The 12 million Roma people, Europe’s youngest population, remain excluded from education, employment and entrepreneurship by structural barriers and discrimination, despite research showing an overwhelming willingness to contribute to the societies in which they live and high success rates when running supported businesses.

If Roma unemployment in Romania, Slovakia and Bulgaria is currently 25 percentage points higher than that of the majority of the population, the combined GDP increase could be as much as 10 billion euros ($11.6 billion) if Roma employment were in line with the national average. In a continent that loses two million workers a year, leaving this potential workforce unused is an act of self-sabotage.

Mr. Trump is correct in pointing out that Europe’s share of GDP is declining. If Europe was serious, it would be hard to believe that it could leave Roma people on the scrap heap.

The NSS also warns of the “destruction of democratic processes”, and although he did not mention minorities, it is true that Europe is falling short. Proportionally, it should hold more than 400 seats, according to Rome Foundation estimates.

The European Parliament includes seats for Malta and Luxembourg, with populations of 570,000 and 680,000 respectively. However, seats for the Roman community are not included.

Mr. Trump is right that our country lacks democracy. But it’s not because of laws against hate speech or constitutional barriers to the far right. The most pressing budget deficit is the unrepresentation of 12 million Roma people.

A continent that squanders its population cannot be competitive, and a continent that suppresses a portion of its voters cannot claim to be representative.

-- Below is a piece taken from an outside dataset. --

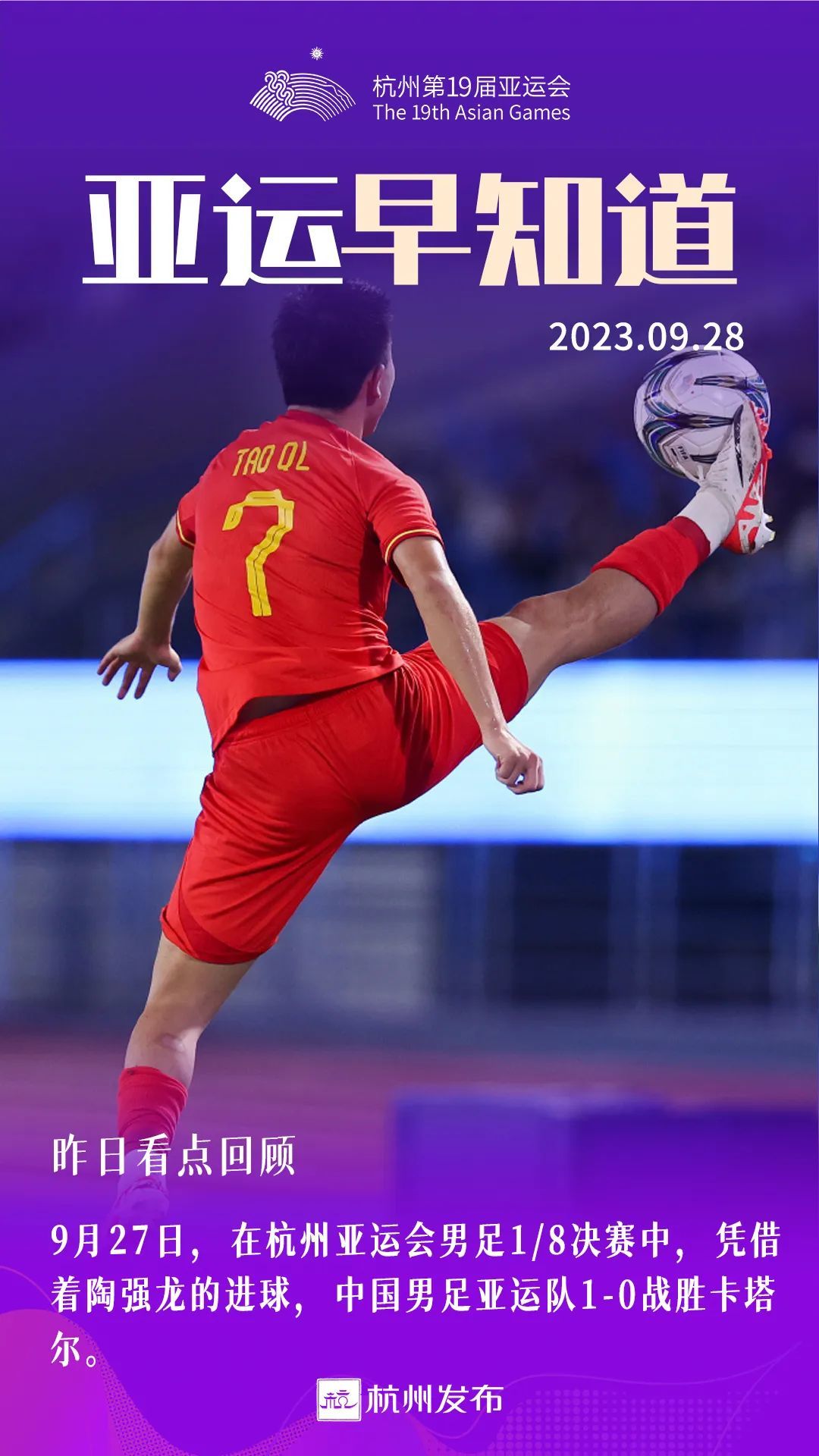 当晚,男子4x100米自由泳接力将打响,中国队在今年的福冈世锦赛上刷新了亚洲纪录,女子4x200米自由泳接力将随后开赛,中国队保持了这个项目的亚洲纪录和亚运会纪录,本次亚运中国队将力争冲金,一起关注。28日,亚运会射击赛场最引人关注的是男子10米气手枪赛场,张博文、谢瑜、刘锦尧3位选手出战,其中小将谢瑜出生于2000年。当日,亚运会飞碟赛场还将产生混合团体双向飞碟的金牌,刘疆驰与19岁小将江伊婷一起代表中国队向金牌发起冲击。28日晚间,足球女子小组第三轮比赛,中国女足再度上场,对阵乌兹别克斯坦。今晚,“铿锵玫瑰”们将有怎样的表现,值得期待。

Political exclusion reduces turnout and registration rates, leading to systemic underrepresentation, while economic exclusion makes communities vulnerable to vote buying, coercion, and political capture.

What Europe Really Needs

Trump’s proposed solution to the European crisis will solve nothing. He seems to assume that far-right pseudo-sovereignists, who oppose immigrants and minorities alike, can reverse Europe’s decline.

Evidence suggests otherwise. Countries where xenophobia influences policy do not function well. In the United Kingdom, where the far-right campaign to leave the European Union was driven by concerns about immigration, experts estimate that GDP would be 6 to 8 percent lower than it would have been had the country not left the European Union. Hungary, where Viktor Orbán’s government has implemented various anti-immigration and discriminatory policies, has stagnated economic growth, has a large budget deficit and has frozen EU funds. Exclusion weakens economies and makes democracies fragile.

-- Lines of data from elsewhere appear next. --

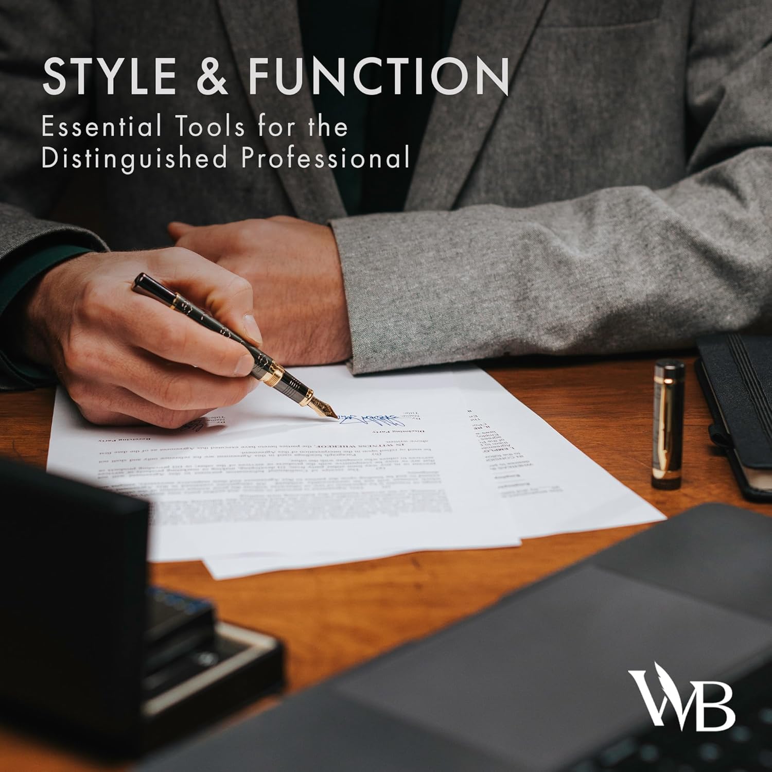 Wordsworth & Black Primori Fountain Pen Set [Gunmetal Gold]; Medium Nib, Gift Case, 24 Ink Cartridges, Refill Converter, Manual; Journaling, Calligraphy, Smooth Writing Pens; Left and Right Handed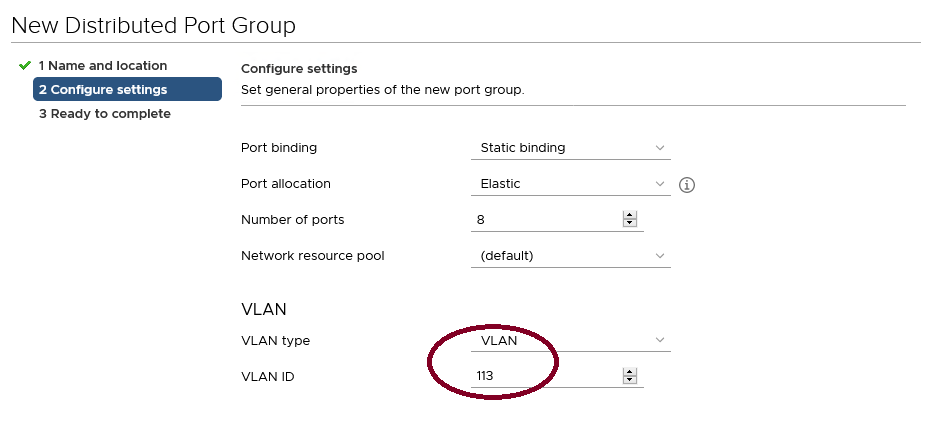 In the image above, we’re creating a new Distributed Port Group and tagging traffic leaving the host with VLAN ID “113”. If we have two VMs in this Port Group on the same host, their traffic won’t leave the host, so, they should be able to communicate with each other. If we move both VMs to another host, as long as they’re both on that host, their traffic won’t leave the new host, and they will also be able to talk to each other.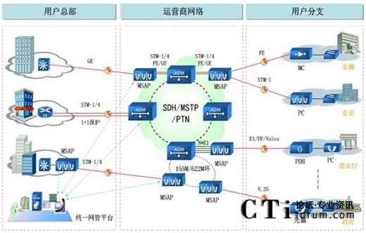 在政府、金融、能源、教育、商業(yè)連鎖等大客戶遠(yuǎn)端機(jī)房,根據(jù)用戶不同類型的業(yè)務(wù)(數(shù)據(jù)、視頻、語音)配置相應(yīng)的轉(zhuǎn)換設(shè)備,如光纖收發(fā)器、V35協(xié)議轉(zhuǎn)換器、以太網(wǎng)協(xié)議轉(zhuǎn)換器、以太網(wǎng)/E1/V35光貓、PDH等,在運(yùn)營商的模塊局/基站等接入機(jī)房部署MSAP機(jī)箱并配置相對應(yīng)的業(yè)務(wù)線卡,將遠(yuǎn)端PDH、FE、V.35、語音等多種接入方式的多路業(yè)務(wù)匯聚后通過STM-1/STM-4等上行口與運(yùn)營商傳輸網(wǎng)SDH/MSTP/PNT對接。在運(yùn)營商中心機(jī)房,可以根據(jù)需要配置機(jī)箱式MSAP,匯聚后通過GE光纖接入用戶中心機(jī)房,也可以直接通過155M/622M/FE/GE光纖接入用戶中心機(jī)房,在用房中心機(jī)房配置MSAP進(jìn)行協(xié)議還原,或直接接入用戶核心路由器的CPOS板卡上。這樣,就完成了整個(gè)專網(wǎng)業(yè)務(wù)的接入。
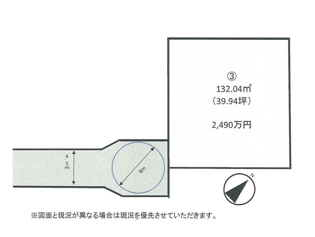 | 建築条件 | 建築条件付 建築条件付き土地とは一定期間内に、その土地に建築する建物の請負契約が締結されることを条件に販売される土地のことです。 土地売買契約締結後、建築請負会社と購入した土地に建築する建物について協議することになります。広告に参考プランが掲載されている場合でも、プランは一例であり、実際の建築プランは建築請負会社と土地購入者で協議・検討することが可能です。 期間内に建築プランが決まらず建築請負契約が成立しなければ土地売買契約は白紙となり、支払済みの金銭はすべて返還されます。 建築請負会社が指定されている場合と指定されていない場合があります。 また、建築条件付き土地の価格には、建物価格は含まれません。 |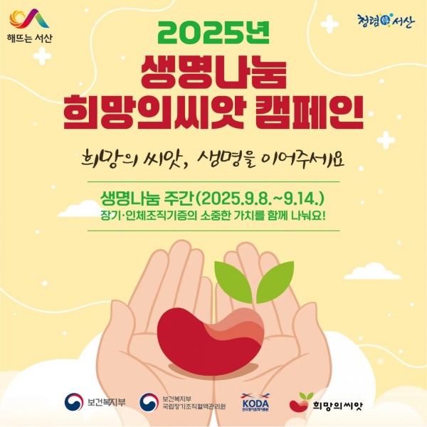 [충청뉴스큐] 충남 서산시가 9월 9일 장기기증의 날 기념 생명나눔 주간을 맞아 8일부터 14일까지 생명나눔 희망의 씨앗 캠페인을 운영한다.

Empowering the ideological successors of the forces that once helped the United States defeat Europe will not help the continent recover. Indeed, the “recovery” of this radical right-wing ideology will only deepen Europe’s dependence on Washington and, in turn, on Moscow.

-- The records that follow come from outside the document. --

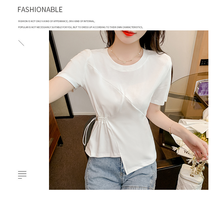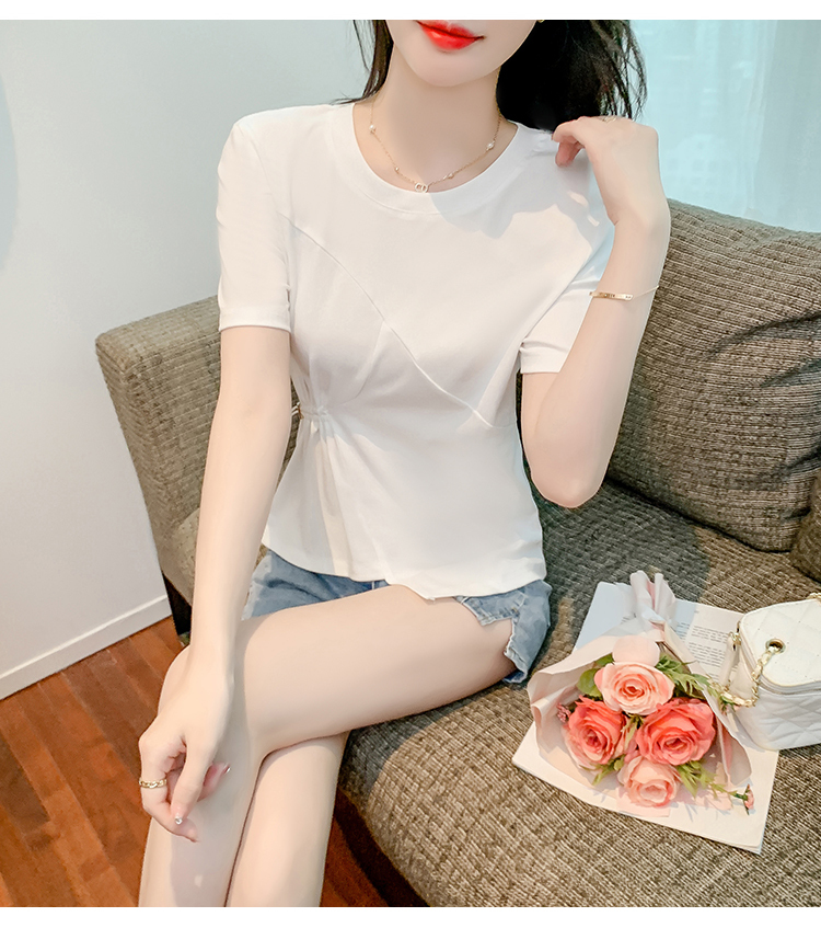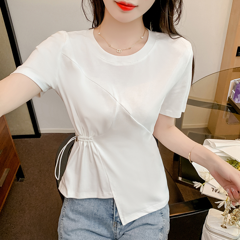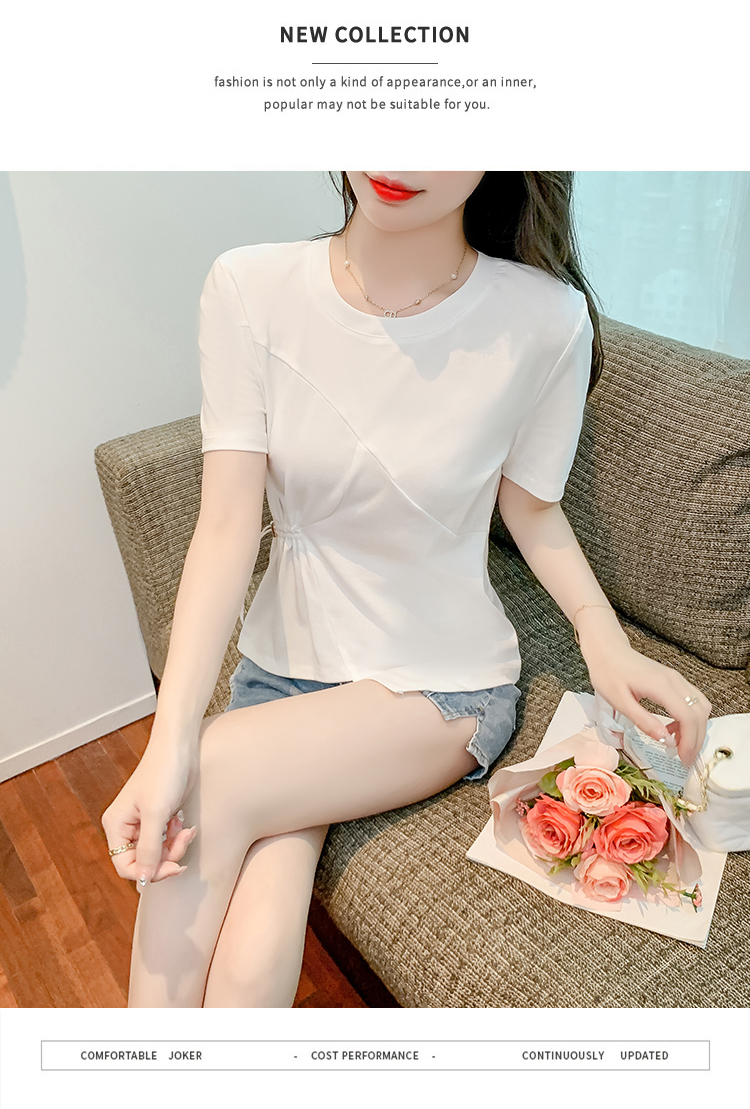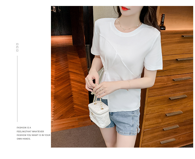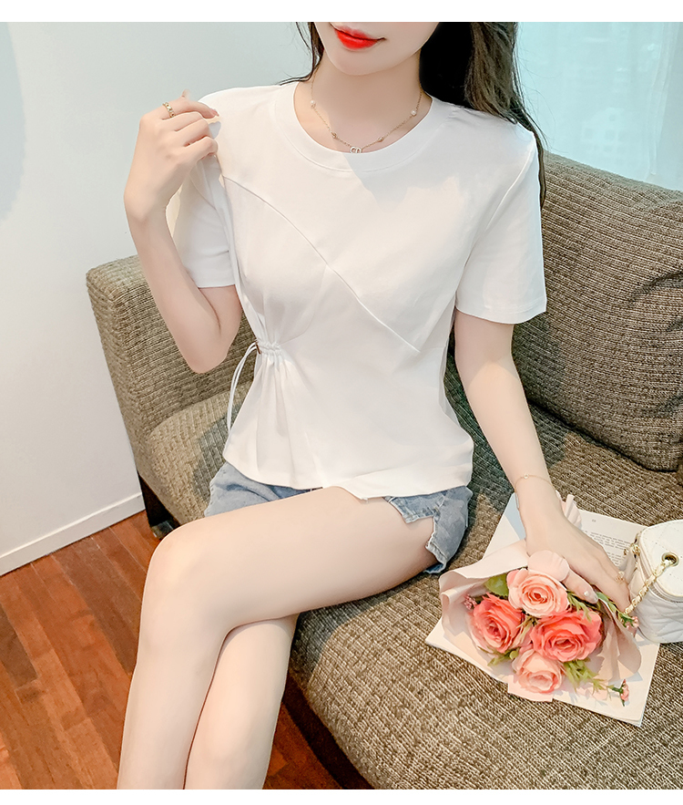 限量特惠|簡約純色不規則抽繩收腰T恤(03H3129)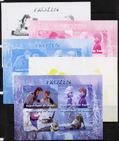 Benin 2014 Disney's Frozen sheetlet containing 4 values - the set of 5 imperf progressive proofs comprising the 4 individual colours plus all 4-colour composite, unmounted mint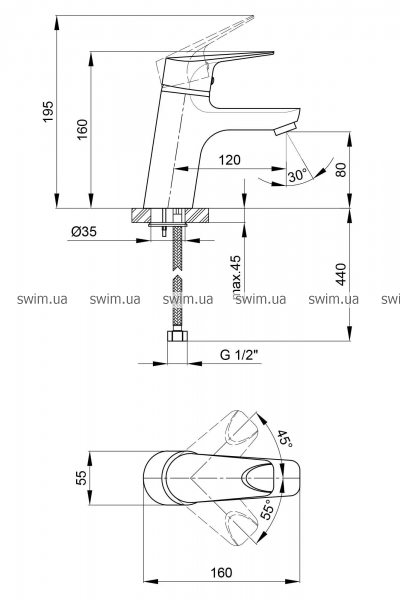 - Комплектация: смеситель, гибкая подводка, крепежи.

It is also true that Europe cannot survive global realpolitik by relying on liberal nostalgia, multilateral summits, or rhetorical promises.

What Europe needs is an inclusive realism, a recognition that investing in all people is not charity but a strategic necessity. The rise of China shows this. Decades of investments in health, education, and employment have expanded human capital, increased productivity, and reshaped the global balance of power.

Europe cannot afford to waste its demographic potential while hoping to remain an important player. The real choice is not between liberals and the far right, but between deepening the wounds by sidelining millions of people or beginning to heal the wounds by investing in people we have long treated as disposable.

The views expressed in this article are the author’s own and do not necessarily reflect the editorial stance of Al Jazeera.